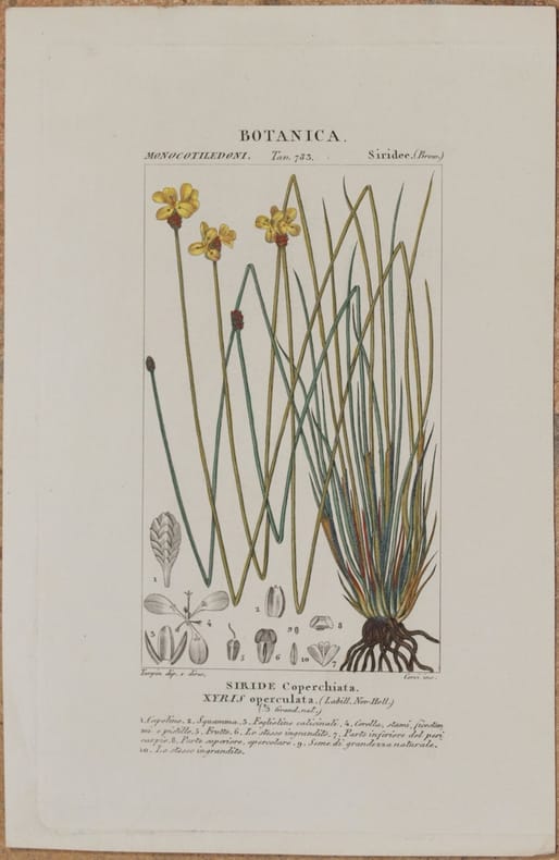 Eccellente incisione creata dal maestro Pierre Jean Francis Turpin.Le scritte indicanti la specie e la descrizione della pianta o animale sono in italiano e/o latino, e provengono dalla prima edizione italiana del Dizionario di scienze naturali edito da Battelli nel 1831. Quest'opera imponente era composta da 29 volumi ed era corredata da centinaia di incisioni che rappresentavano tutto il mondo animale e vegetale. L'opera deriva da un eccellente lavoro di luminari del XVIII secolo supportati dal Re francese Louis XV in seguito guidati dallo stesso Turpin, considerato al tempo il più grande incisore di botanica. La maggior parte delle incisioni sono firmate Turpin & Pretre. Le incisioni sono veramente eccezionali con una grande dovizia di particolari e dipinte a mano. Carta bianchissima e resistente di ottima qualità. Formato foglio: cm 25,5x16,5. Formato incisione: cm 15x9 Autore: Corsi su disegno di Turpin In buone condizioni. Superb engraving made by the master Pierre Jean Francis Turpin. The engravings are written in latin and italian and come from the first italian edition of Dictionary of natural sciences edited by Battelli in 1831. This imponent work was made up by 29 volumes and contained hundreds of engravings that represented all the plant and animal kingdom. This work derives from an excellent work of luminaries of the 18th century supported by the french King Louis XV and then directed by the same Turpin that was considered as the greatest botanical engraver of his time. The most of his engravings are signed Turpin & Pretre. The engravings are made in an excellent way with fine details and coloured by hand. Very white strong paper of good quality. In good condition. Page size: cm 25,5x16,5. Print size: cm 15x9 Author: Corsi upon drawing of Turpin In good conditions.<BR>
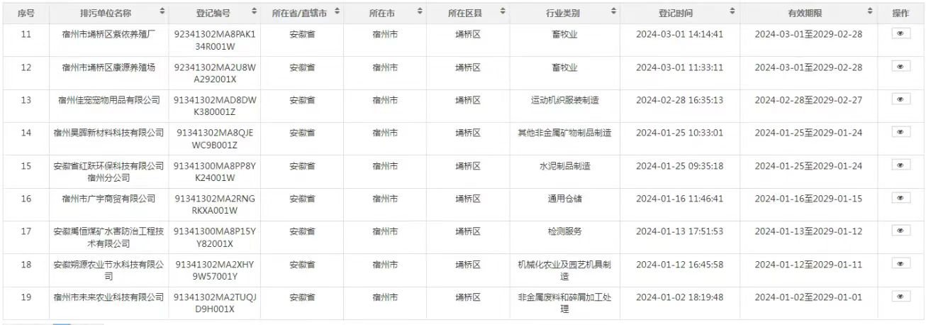 2024年埇桥区生态环境分局第一季度排污名单
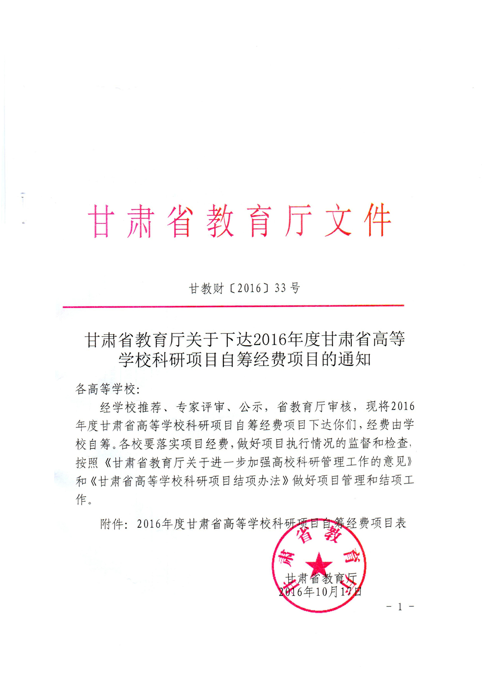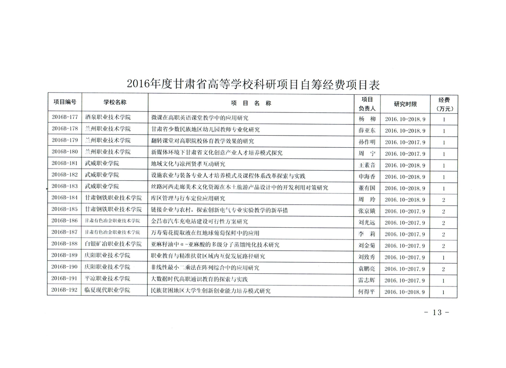 甘肅省教育廳關(guān)于下達(dá)2016年度甘肅省高等學(xué)??蒲许椖孔曰I經(jīng)費(fèi)項目的通知
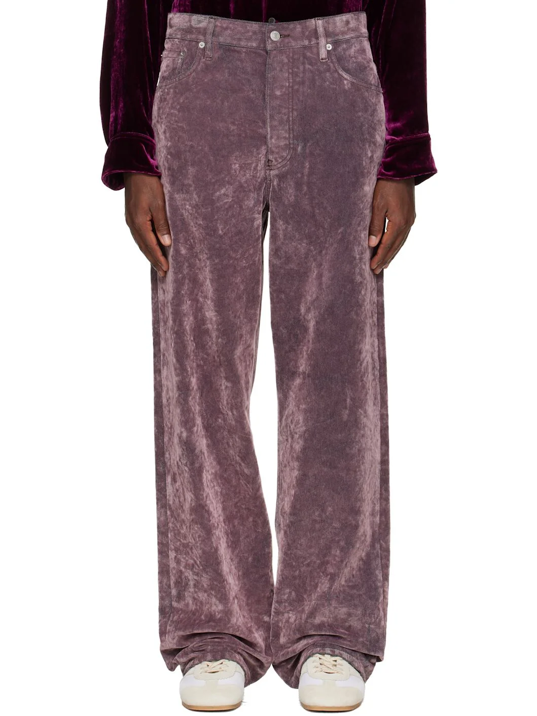 Flocked non-stretch denim jeans. · Straight-leg · Mid-rise · Belt loops · Five-pocket styling · Button fly · Leather logo patch at back waistband · Logo-engraved silver-tone hardware Supplier color: Lilac 100% cotton. Made in Italy 252358M186010
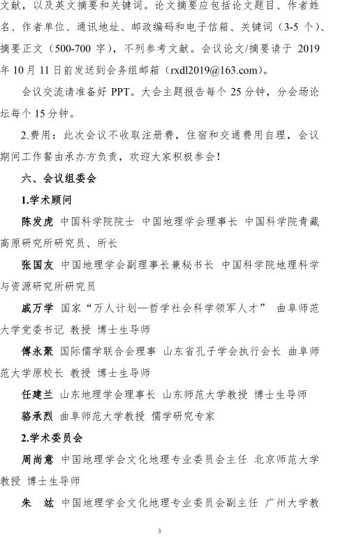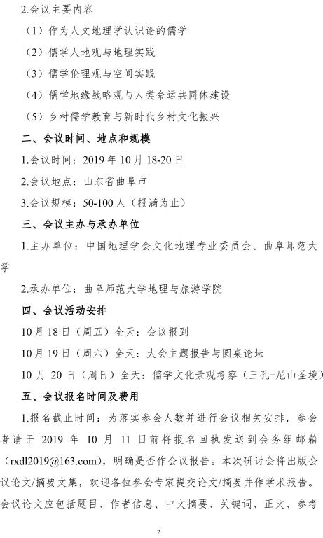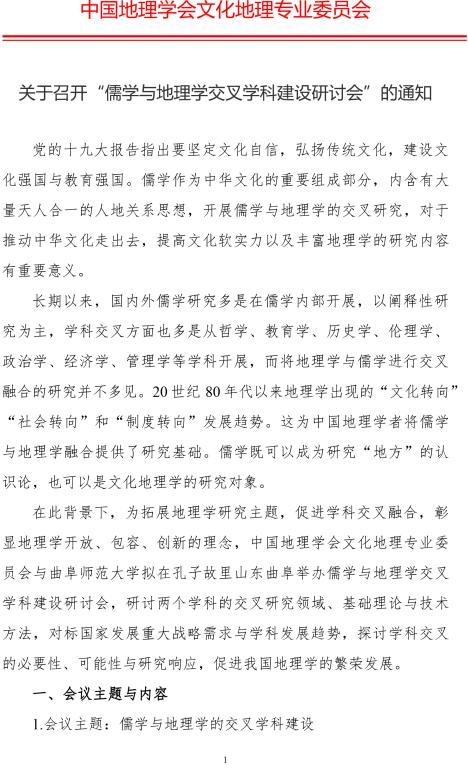 关于召开“ 儒学与地理学交叉学科建设研讨会” 的通知

+++

◆ Requirement: Above are the records; set down exactly the lines from the line containing "甘肅省教育廳關(guān)于" through their last line, leaving every picture out.

◆ Output of the task:
 甘肅省教育廳關(guān)于下達(dá)2016年度甘肅省高等學(xué)??蒲许椖孔曰I經(jīng)費(fèi)項目的通知
 Flocked non-stretch denim jeans. · Straight-leg · Mid-rise · Belt loops · Five-pocket styling · Button fly · Leather logo patch at back waistband · Logo-engraved silver-tone hardware Supplier color: Lilac 100% cotton. Made in Italy 252358M186010
 关于召开“ 儒学与地理学交叉学科建设研讨会” 的通知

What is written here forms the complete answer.